Interaction between two players in different experimental conditions visualized in the similarity space. Ellipses encircle points corresponding to velocity profiles in solo (S1 and S2; light grey), leader (L1 and L2; dark grey), follower (F1 and F2; dark grey) and joint improvisation (JI1 and JI2; dark grey) rounds. Each row depicts data for a different dyad. In column 1, player 1 was a leader, in column 2, player 2 was a leader and in column 3, participants played in joint improvisation condition. x-Axis has the same range in all panels, y-axis is rescaled for clarity of presentation.

Taken together, the above observations suggest that the behavioural plasticity might be regulable rather than fixed and could be modulated in order to enhance social competence. Figure 2 shows a new technique that could be useful in studies of mutual rapport, affiliation and leadership emergence. However, rigorous analysis of the complex relation between IMS and movements during cooperative conditions is beyond the scope of this paper.

3.3. Dynamic similarity enhances coordination in joint action

Having defined suitable measures, we next analyse the effects of the dynamic similarity on the temporal correspondence in two different experimental scenarios: the former where two humans play the mirror game (scenario 2) and the latter where a human is asked to play the game with a VP (scenario 3). In particular, we measure the temporal correspondence between players in the leader–follower condition of the mirror game and study systematically if and how it is related to the difference between their IMS. In order to demonstrate that dynamic similarity facilitates coordination between players in the mirror game, we seek to find a correlation between dynamic similarity, as quantified by means of the distance between velocity profiles in the similarity space, and temporal correspondence measured by the RPE. For further details about the definition and interpretation of the RPE, see appendix C. Figure 3ac illustrates the steps we take in our analysis detailed in the figure legend.

Figure 3.

Figure 3.

First, we compute dynamic similarity between two players. In panel (a(i)), we show the solo movements of two participants who later played together in the leader–follower condition. Panels (a(ii)) and (a(iii)) depict velocity profiles that represent individual motor signatures of the two players (Sa(ii), and Sa(iii)) corresponding to the positions timeseries presented in panel (a(i)). The EMD(Sa(ii), Sa(iii)) = 0.0303 between the histograms in panels (a(ii)) and (a(iii)) quantifies dynamic similarity between the two players. Then, we measure temporal correspondence between their movements when they play together in the leader–follower condition. Panel (b) illustrates position traces of the participants from panel (a) when they play together as a leader (black) and follower (grey). Panel (c) shows the RPE between leader and follower trajectories presented in panel (b). The mean value and the standard deviation of the RPE are respectively μRPE(La(ii), Fa(iii)) = 0.05 and σRPE(La(ii), Fa(iii)) = 0.05.

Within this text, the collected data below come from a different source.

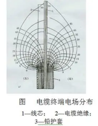當電纜的絕緣屏蔽層切開之后,在外屏蔽端口將產(chǎn)生電應(yīng)力集中現(xiàn)象,電場突然變化,并且電纜終端處電場分布畸變要比接頭中的電場畸變嚴重,電場在該處不但有垂直分量,而且出現(xiàn)切向分量。
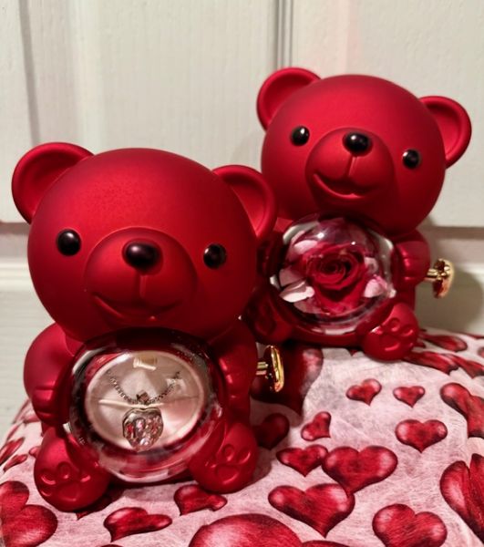 this sweet teddy hides inside him a beatiful eternal rose and a lovely necklace
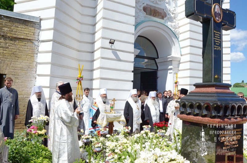 По окончании Литургии на месте захоронения Блаженнейшего митрополита Владимира у колокольни храма Рождества Пресвятой Богородицы в Лавре Блаженнейший митрополит Онуфрий отслужил панихиду.
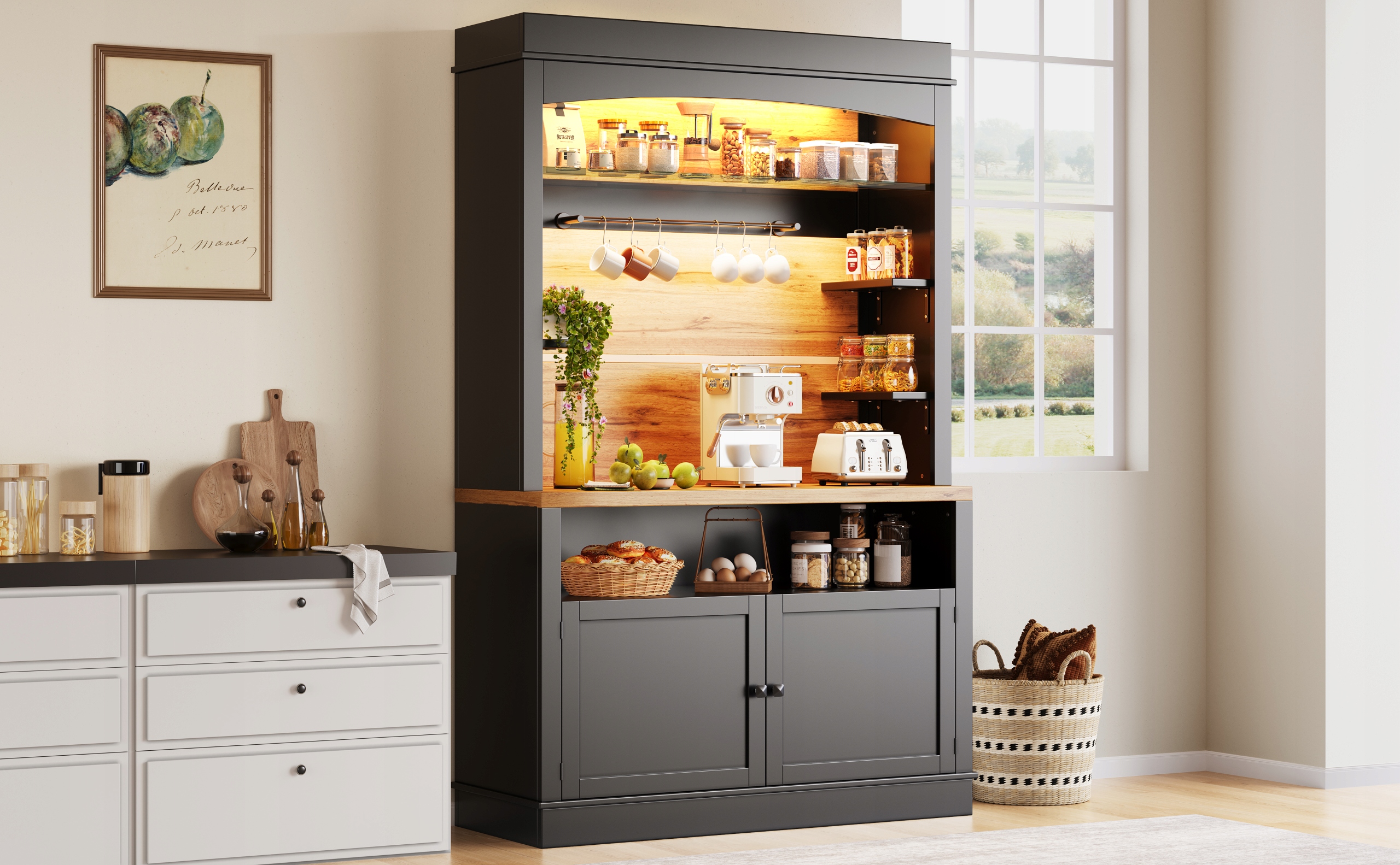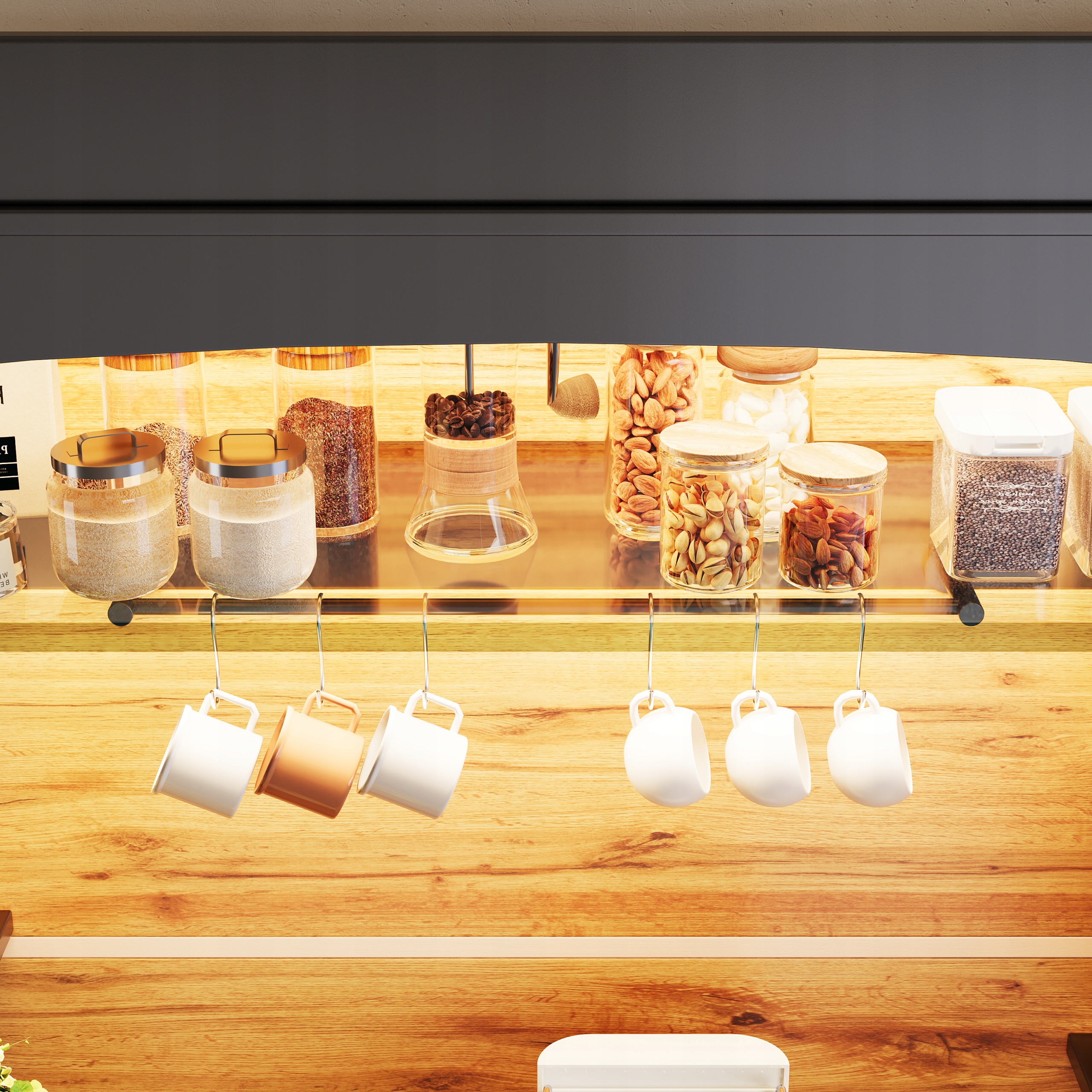 - Оснащено рейкою для вішалок і шістьма гачками для чашок із ручками, що економить місце на стільниці. Внизу розташована велика стільниця і дводверна шафа для зберігання кухонного приладдя, такого як фритюрниця, кавоварка і тостер. Відкрита центральна полиця з бічними відділеннями пропонує простір для різноманітних пляшок і банок, що відповідає всім вашим кухонним потребам.
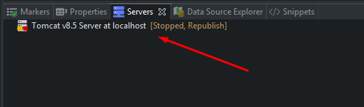 Dentro de la sección «Servers» aparecerá el servidor Tomcat 8.5 cuyo estado inicial es «Stopped»
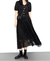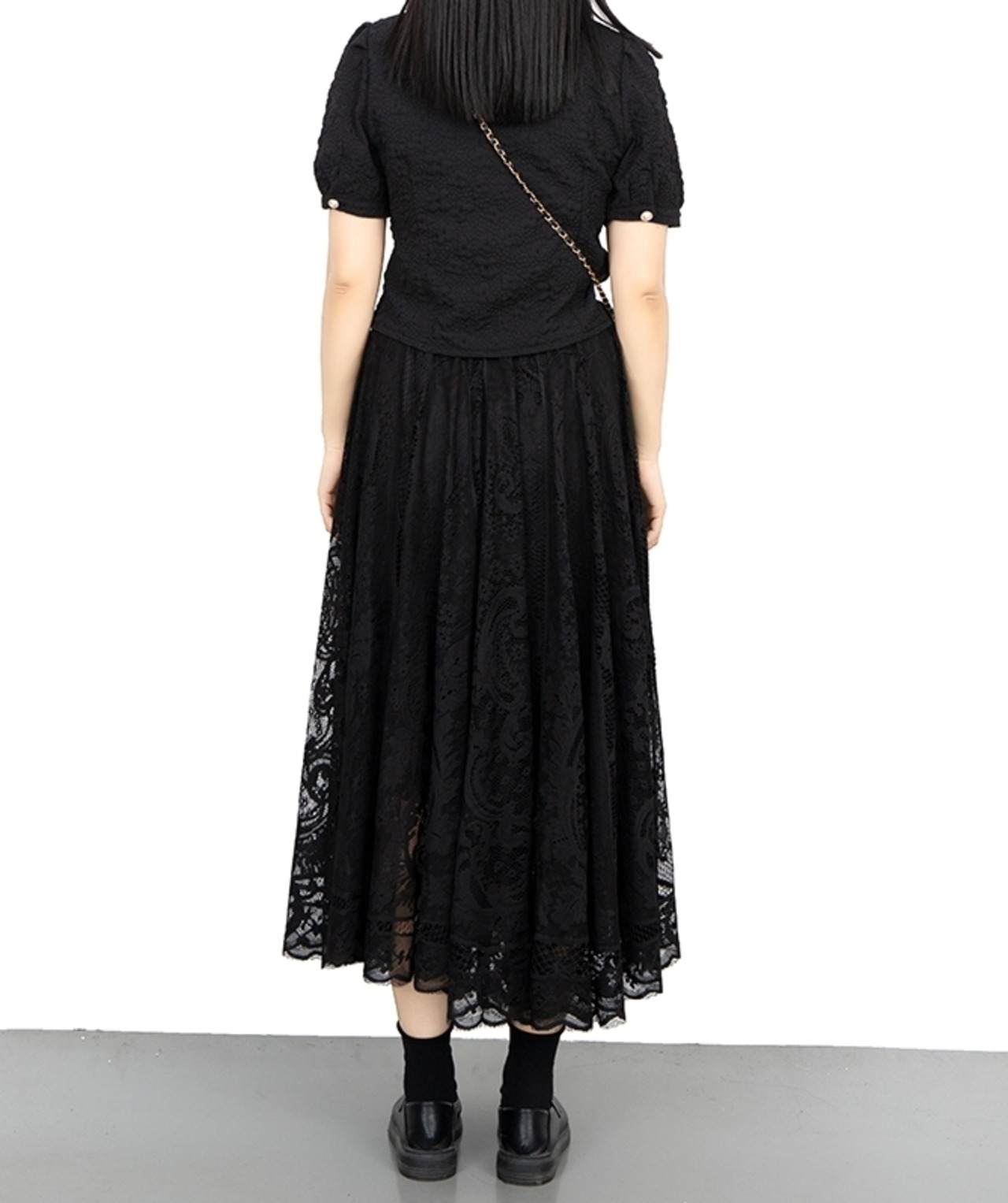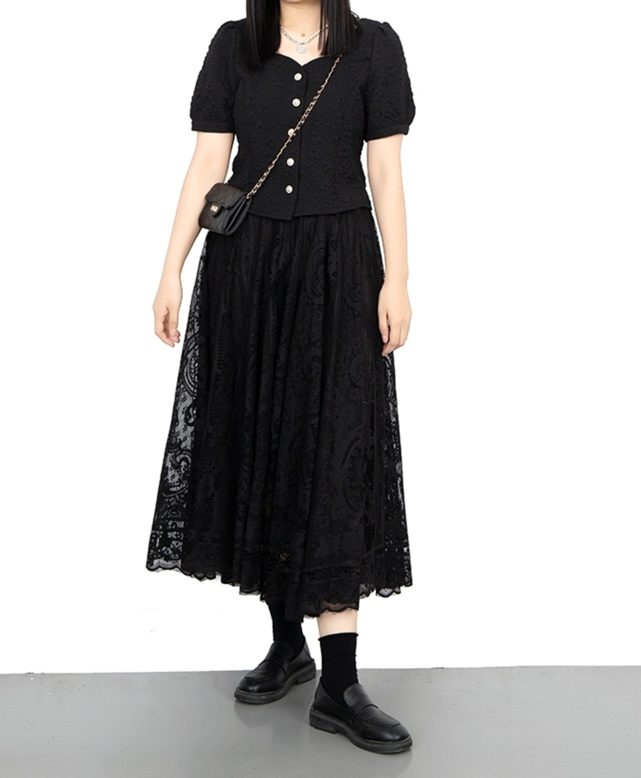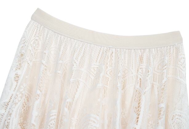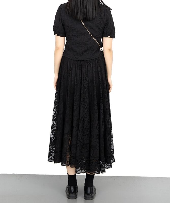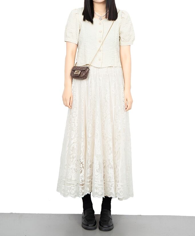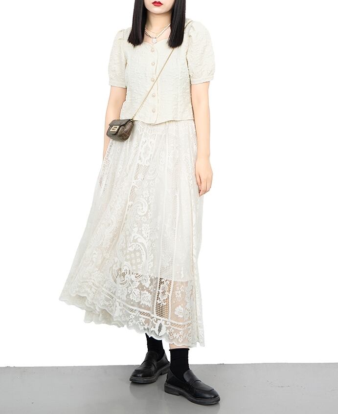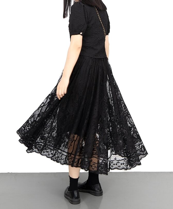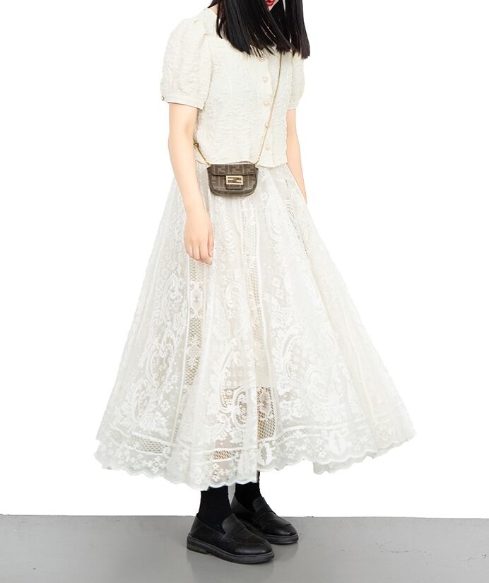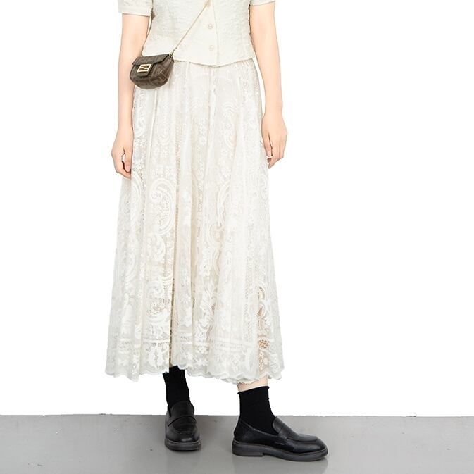 繊細なレースでふんわり仕立てたロングスカートです。
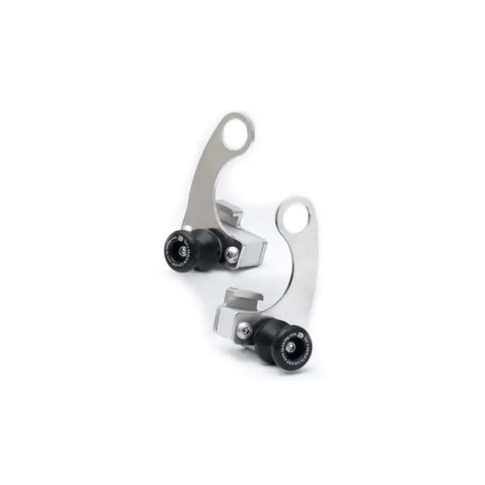 Wanneer er geen schroefdraad in de achterbrug is om een bobbin te monteren kan de R&G “Offset Cotton Reels” gebruikt worden. Zo kan er via de kettingspanner/achteras toch een bobbin op de motor gemonteerd worden en kan de motor dus met een paddockstand veilig en stevig gestald worden. Ook beschermen de bobbins de achterbrug bij een val.
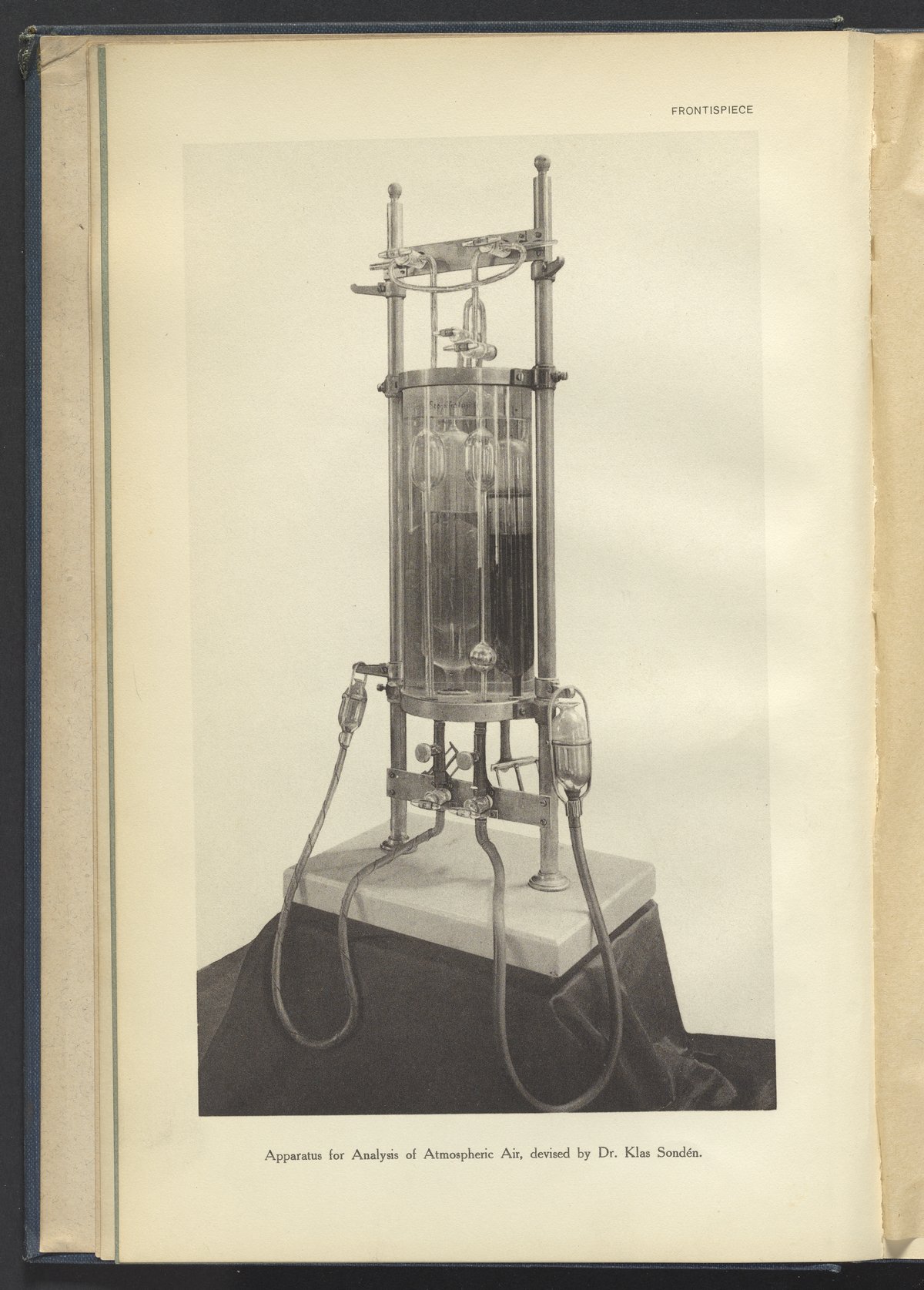Benedict, Francis Gano. “Apparatus for Analysis of Atmospheric Air, Devised by Dr. Klas Sondén.” Washington (D.C.): Carnegie Institution of Washington, 1912. QC851.B46 1912. Science History Institute. Philadelphia. https://digital.sciencehistory.org/works/fj2362734.

The correlation between temporal correspondence and dynamic similarity observed in the data from human–human interaction collected in the experimental scenario 2 is shown in figure 4a. For each dyad, we calculate nine values for the distance between the players signatures SL and SF (all the combinations between three solo trials for each player) and six values for the mean RPE between the leader (L) and the follower (F) (three trials with player 1 as a leader and three trials with player 2 as a leader); Spearman's rank correlation [32,33] between EMD distance and RPE was computed to be ρ = 0.3907 (pρ = 7 × 10−3)). We remove a single outlier with RPE > 0.2 (the correlation including the outlier was stronger). We use Spearman's rank correlation, because our data are not normally distributed.

Figure 4.

Figure 4.

Panel (a) shows correlation between EMD(SL, SF) and RPE(L, F) computed for all individual leader–follower trials in eight dyads from scenario 2. Panels (b) depicts the dependence of RPE(LVP, FH) between the VP leading the human participant on EMD(Ref, SF) between the reference trajectory and the participant's solo movement (scenario 3). Each black dot corresponds to a single leader–follower trial. Grey lines are presented only for illustrative purposes. Spearman's ρ coefficients are equal to: ρa = 0.3907 (pρa = 7×10−3), ρb = 0.2224 (pρb<1 × 10−5); Pearson's R2 coefficients are equal to: Inline graphic Inline graphic Inline graphic Inline graphic

We further control the identified correlation for two confounding factors. First, we expect that a faster leader is more difficult to follow than a slower one, hence we control the identified correlation for the mean absolute velocity of the leader μ|VL|. Second, we expect that it is easier for a follower who prefers fast motions to track the movement of a leader who prefers to move slowly than it is for a follower who prefers slow motions to track a leader who prefers to move fast. Therefore, we control the identified correlation for the difference between mean absolute velocities of the solo movements of the leader and the follower μ|VSL| − µ|VSF|, which is proportional to the difference between their x-coordinates (see appendix B). Partial and adjusted correlation coefficients are computed in Matlab using functions partialcorr and partialcorri. As expected, we find the mean RPE between leader (L) and follower (F) to be strongly correlated with both μ|VL| and μ|VSL| − μ|VSF|. Nonetheless, the relation between mean RPE(L, F) and EMD(SL, SF) controlled for the confounding factors remains statistically significant; partial Spearman's rank correlation controlled for μ|VL| was computed to be ρ = 0.3466 (pρ = 2 × 10−2); partial Spearman's rank correlation controlled for μ|VSL| − μ|VSF| was computed to be ρ = 0.5025 (pρ = 3 × 10−4); Spearman's rank correlation adjusted for both, μ|VL| and μ|VSL| − μ|VSF|, was computed to be ρ = 0.4697 (pρ = 1 × 10−3).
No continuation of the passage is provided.